(Stored items)
Content starts

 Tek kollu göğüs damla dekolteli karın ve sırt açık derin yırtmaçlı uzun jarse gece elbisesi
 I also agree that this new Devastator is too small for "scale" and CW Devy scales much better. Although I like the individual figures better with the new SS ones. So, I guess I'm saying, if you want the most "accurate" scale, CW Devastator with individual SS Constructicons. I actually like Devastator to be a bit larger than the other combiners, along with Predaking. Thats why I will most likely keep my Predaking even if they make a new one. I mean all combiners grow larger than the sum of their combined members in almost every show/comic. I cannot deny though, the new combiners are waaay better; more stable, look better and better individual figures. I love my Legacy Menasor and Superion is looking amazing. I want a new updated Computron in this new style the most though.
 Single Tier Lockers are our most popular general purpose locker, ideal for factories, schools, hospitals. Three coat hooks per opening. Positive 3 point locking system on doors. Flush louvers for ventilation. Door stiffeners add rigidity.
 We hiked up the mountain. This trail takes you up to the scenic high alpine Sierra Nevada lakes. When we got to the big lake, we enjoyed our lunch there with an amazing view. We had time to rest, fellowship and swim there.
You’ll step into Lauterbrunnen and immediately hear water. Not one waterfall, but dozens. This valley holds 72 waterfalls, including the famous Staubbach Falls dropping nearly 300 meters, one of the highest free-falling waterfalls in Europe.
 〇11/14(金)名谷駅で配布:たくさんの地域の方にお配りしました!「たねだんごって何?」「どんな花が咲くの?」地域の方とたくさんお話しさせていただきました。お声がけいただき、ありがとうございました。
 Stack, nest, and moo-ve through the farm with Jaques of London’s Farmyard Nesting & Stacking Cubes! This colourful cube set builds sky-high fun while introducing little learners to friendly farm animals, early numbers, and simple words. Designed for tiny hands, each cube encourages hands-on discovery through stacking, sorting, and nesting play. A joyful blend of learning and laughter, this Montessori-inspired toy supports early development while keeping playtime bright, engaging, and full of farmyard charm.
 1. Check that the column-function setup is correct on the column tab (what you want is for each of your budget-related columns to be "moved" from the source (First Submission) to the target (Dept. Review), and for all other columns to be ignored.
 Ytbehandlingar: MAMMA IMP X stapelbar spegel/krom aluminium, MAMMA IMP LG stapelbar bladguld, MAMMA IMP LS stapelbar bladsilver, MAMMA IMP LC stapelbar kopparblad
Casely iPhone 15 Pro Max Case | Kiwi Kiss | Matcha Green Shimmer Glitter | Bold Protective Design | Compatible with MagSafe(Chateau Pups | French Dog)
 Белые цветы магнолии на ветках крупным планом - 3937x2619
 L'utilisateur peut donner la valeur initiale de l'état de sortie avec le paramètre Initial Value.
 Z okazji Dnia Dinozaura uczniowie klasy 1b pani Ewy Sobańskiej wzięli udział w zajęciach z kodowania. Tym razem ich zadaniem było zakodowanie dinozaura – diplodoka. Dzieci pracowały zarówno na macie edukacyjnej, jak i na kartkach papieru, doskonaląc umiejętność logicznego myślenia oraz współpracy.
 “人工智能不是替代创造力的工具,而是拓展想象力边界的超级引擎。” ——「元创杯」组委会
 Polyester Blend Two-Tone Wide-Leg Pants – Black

Content ends

What you have to do:
What you give back should be exactly the lines of the data above from the line with "You’ll step into" through the line with "1. Check that", both of those included, and nothing more.

Result of this exercise:
You’ll step into Lauterbrunnen and immediately hear water. Not one waterfall, but dozens. This valley holds 72 waterfalls, including the famous Staubbach Falls dropping nearly 300 meters, one of the highest free-falling waterfalls in Europe.
 〇11/14(金)名谷駅で配布:たくさんの地域の方にお配りしました!「たねだんごって何?」「どんな花が咲くの?」地域の方とたくさんお話しさせていただきました。お声がけいただき、ありがとうございました。
 Stack, nest, and moo-ve through the farm with Jaques of London’s Farmyard Nesting & Stacking Cubes! This colourful cube set builds sky-high fun while introducing little learners to friendly farm animals, early numbers, and simple words. Designed for tiny hands, each cube encourages hands-on discovery through stacking, sorting, and nesting play. A joyful blend of learning and laughter, this Montessori-inspired toy supports early development while keeping playtime bright, engaging, and full of farmyard charm.
 1. Check that the column-function setup is correct on the column tab (what you want is for each of your budget-related columns to be "moved" from the source (First Submission) to the target (Dept. Review), and for all other columns to be ignored.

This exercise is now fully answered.